The settlements with Southern and Farrell also involved both men giving up their effort to have Freedom’s insurance company fund their legal costs in lawsuits and criminal cases, a move that allowed more than $3 million to be obtained from AIG Insurance for use in paying leak claims in Freedom’s bankruptcy and on the cleanup of the company’s Etowah River Terminal on the Elk, where the spill occurred.

Thompson said the settlement with Southern and Farrell was needed to ensure a speedy and appropriate cleanup of the Freedom site.

Copenhaver said civil cases against Southern and Farrell are likely strong, given that each man pleaded guilty to criminal charges related to the spill. Southern and Farrell are currently incarcerated, serving 30-day sentences ordered by U.S. District Judge Thomas Johnston.

Copenhaver, though, said he had seen “no evidence” to support the claims about Farrell’s finances being in such bad shape.

Mike Carey, Farrell’s lawyer, told the judge that Farrell made about $3 million from the sale in December 2014 of Freedom’s operations to Chemstream, a Pennsylvania company that owned the site of the spill the following month. He said Farrell owed about $1 million in tax debt, and while he had been making $300,000 a year, he was unable to get other work after the spill.

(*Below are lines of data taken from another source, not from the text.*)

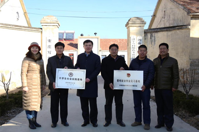 1月14日,“完美体育(中国)官方网站青年就业创业见习基地”、“完美体育(中国)官方网站大学生社会实践基地”挂牌仪式在泗水县泗张镇宋庄写生基地举行。我校团委书记屈跃宽,书法学院党委副书记石倩、团委书记杨玉强,泗张镇党委书记韩光辉、镇长王强,宋庄写生基地负责人张涛及书法学院学生代表参加了仪式。
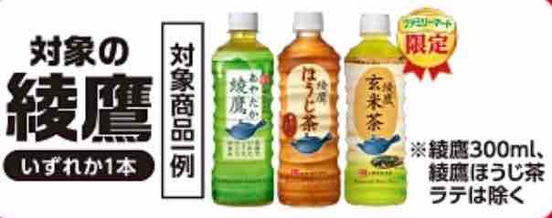 コンビニエンスストアのファミリーマートで、対象の綾鷹いずれか1本と麺類各種を同時に買うと、綾鷹玄米茶1本の無料引換券クーポンがもらえるキャンペーンが始まっている。
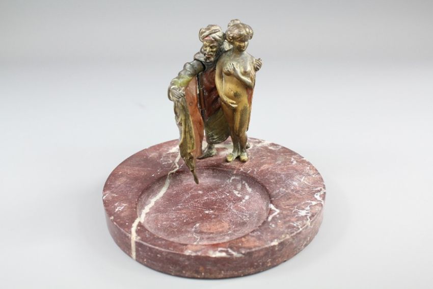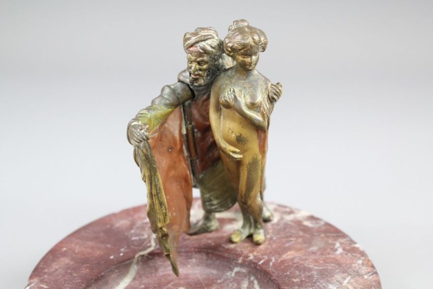 Early 20th Century Franz Bergman Bronze and Marble Ashtray. The cold cast bronze depicting a slave trader and girl, his mechanical cloak opens to reveal her nudity and closes to hide her modesty, with foundry mark to back, stamped 'Nam Gres', approx 41.5 cms h. (the bronze has separated from the marble base and will need re-pinning)
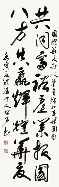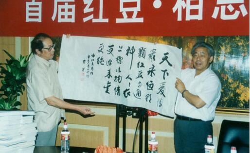 在《七夕,紅豆最相思的詩意探訪》論壇主題引導(dǎo)下,詩人們暢談紅豆愛情詩的淵源,以及對中國新詩的助推、發(fā)展的歷史作用,使中華文化傳統(tǒng)薪火相傳,在我們這一代詩人手里發(fā)揚(yáng)光大,繪出獨(dú)特的、現(xiàn)代人審美的愛情詩篇。會上,北京電視臺節(jié)目主持人、詩人黃殿琴朗誦了張?jiān)妱Α⒐鹋d華、綠島寫的紅豆愛情詩歌,并展示了多位詩人等為紅豆集團(tuán)寫的多幅書法,表達(dá)了友誼深情?!肮餐辉.a(chǎn)業(yè)報國 八方共贏輝煌華夏”是詩人黎勇先生寫給紅豆集團(tuán)的書法 ,國際華文詩人筆會主席張?jiān)妱懡o紅豆集團(tuán)書法為“紅豆最相思”等。
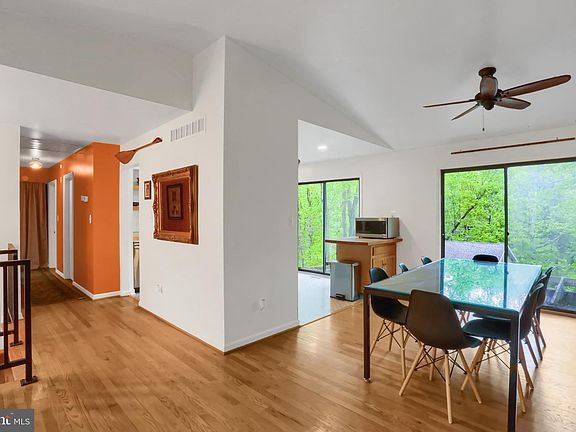 Welcome Home to this Beautiful 3 Bedroom, 2.5 Bath Home in White Hall. This secluded property has a lot to offer, gleaming hardwood floors (refinished 2019) throughout the main level, an open floor plan to make entertaining a breeze, and a primary en-suite bedroom. The lower level has a freshly remodeled family room that has walk out access to the back patio, new vinyl plank flooring (2022), a den or bonus room, updated half bath, recessed lighting, a laundry room, a separate storage area. The possibilities are endless. The 1.77 acre lot offers serene walking paths, and several out buildings/woodsheds. The separately metered 3+ car garage offers a car enthusiast dream come true, with a car lift, 3 garage doors with drive thru capabilities, bonus room for storage or office. The garage is also has electrical hookup for RV. This home has a lot to offer - some upgrades include NEW washer and dryer late 2019, NEW stove and hood 2020, NEW hot water tank 4/2023. - deck does need new decking and AC condensing unit is non-operational. Home and outbuildings are being sold as-is.

Carey said legal work for Farrell has run through most of “several hundred thousand dollars” in retainer. He said Farrell can’t afford ongoing legal expenses for civil cases, although he has some assets, such as cars and a home.

Copenhaver said he wants more documentation and answers about Farrell’s finances. Also, the judge told Carey and Southern’s lawyer, Bob Allen, to do more research to see what other spill lawsuits the men had been named in and see if those potentially could be settled.